Prompt
Write out, word for word, each line from the start of the entries through the one holding "据Counterpoint的"; omit the pictures.

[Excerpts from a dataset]
============================================================
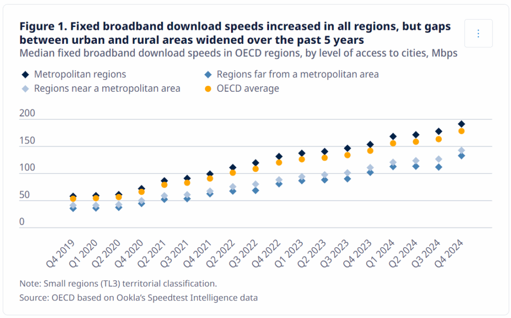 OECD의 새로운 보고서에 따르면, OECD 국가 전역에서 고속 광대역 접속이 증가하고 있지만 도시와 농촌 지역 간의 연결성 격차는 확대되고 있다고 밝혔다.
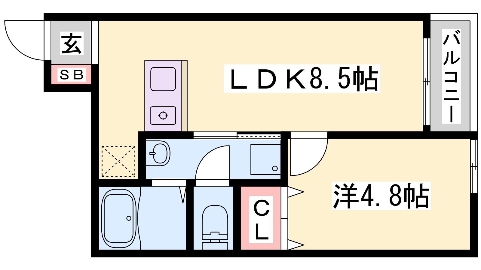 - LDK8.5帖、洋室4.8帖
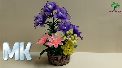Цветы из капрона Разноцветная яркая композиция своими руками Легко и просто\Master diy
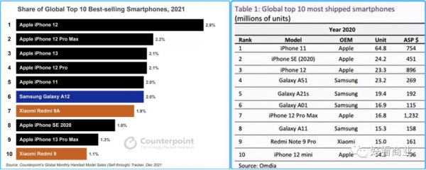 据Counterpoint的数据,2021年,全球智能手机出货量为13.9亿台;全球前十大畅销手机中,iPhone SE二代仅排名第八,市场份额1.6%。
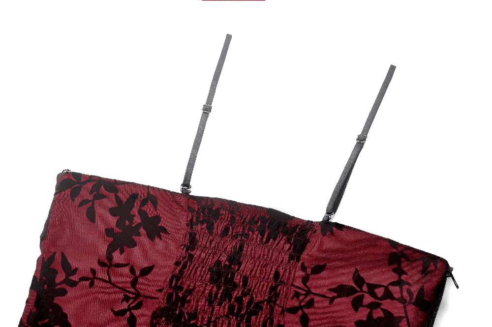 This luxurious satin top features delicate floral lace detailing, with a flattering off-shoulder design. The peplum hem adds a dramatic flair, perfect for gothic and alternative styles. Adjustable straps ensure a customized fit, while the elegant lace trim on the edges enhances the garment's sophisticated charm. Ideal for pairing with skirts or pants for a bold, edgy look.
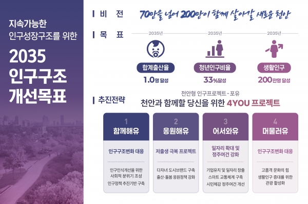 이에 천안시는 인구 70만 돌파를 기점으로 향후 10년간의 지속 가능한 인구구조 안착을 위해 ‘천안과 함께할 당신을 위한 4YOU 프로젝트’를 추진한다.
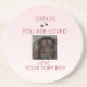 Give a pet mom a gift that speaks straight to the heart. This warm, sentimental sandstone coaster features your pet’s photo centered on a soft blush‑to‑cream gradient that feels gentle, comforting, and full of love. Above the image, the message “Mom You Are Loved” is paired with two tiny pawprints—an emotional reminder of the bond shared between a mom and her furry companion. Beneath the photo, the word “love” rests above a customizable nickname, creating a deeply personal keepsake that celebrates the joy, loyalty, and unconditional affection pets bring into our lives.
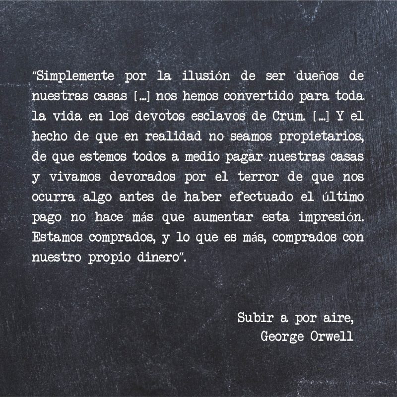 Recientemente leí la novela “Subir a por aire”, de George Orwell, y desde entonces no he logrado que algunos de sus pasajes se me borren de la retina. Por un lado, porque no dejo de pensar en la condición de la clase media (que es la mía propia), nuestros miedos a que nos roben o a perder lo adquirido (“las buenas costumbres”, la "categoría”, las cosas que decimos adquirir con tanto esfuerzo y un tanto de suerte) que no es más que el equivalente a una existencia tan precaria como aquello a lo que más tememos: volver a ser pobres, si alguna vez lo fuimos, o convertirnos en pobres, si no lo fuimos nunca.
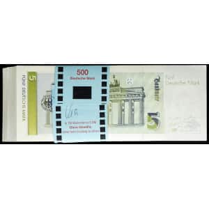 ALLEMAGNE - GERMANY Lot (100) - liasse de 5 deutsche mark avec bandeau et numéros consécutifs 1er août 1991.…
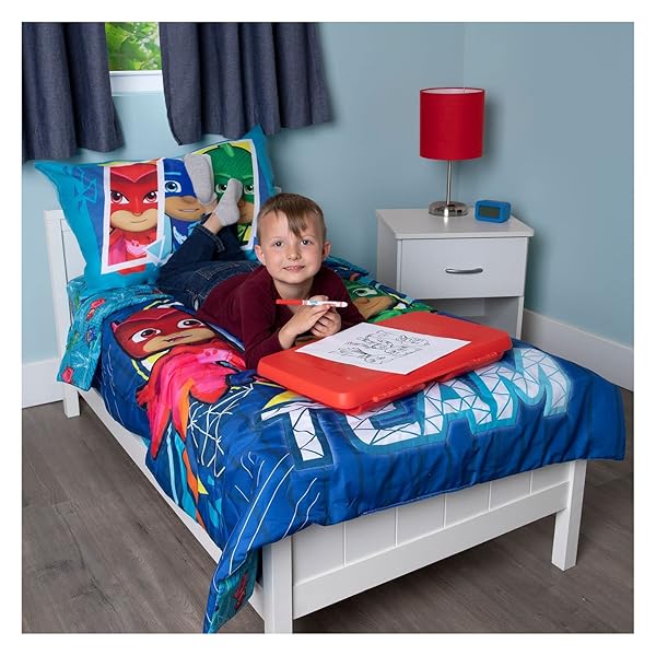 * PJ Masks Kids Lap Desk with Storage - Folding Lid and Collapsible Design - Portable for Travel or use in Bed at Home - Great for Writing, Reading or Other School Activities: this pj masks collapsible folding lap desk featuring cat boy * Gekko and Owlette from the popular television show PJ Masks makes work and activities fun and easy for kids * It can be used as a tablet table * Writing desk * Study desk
============================================================
Task output
 OECD의 새로운 보고서에 따르면, OECD 국가 전역에서 고속 광대역 접속이 증가하고 있지만 도시와 농촌 지역 간의 연결성 격차는 확대되고 있다고 밝혔다.
 - LDK8.5帖、洋室4.8帖
Цветы из капрона Разноцветная яркая композиция своими руками Легко и просто\Master diy
 据Counterpoint的数据,2021年,全球智能手机出货量为13.9亿台;全球前十大畅销手机中,iPhone SE二代仅排名第八,市场份额1.6%。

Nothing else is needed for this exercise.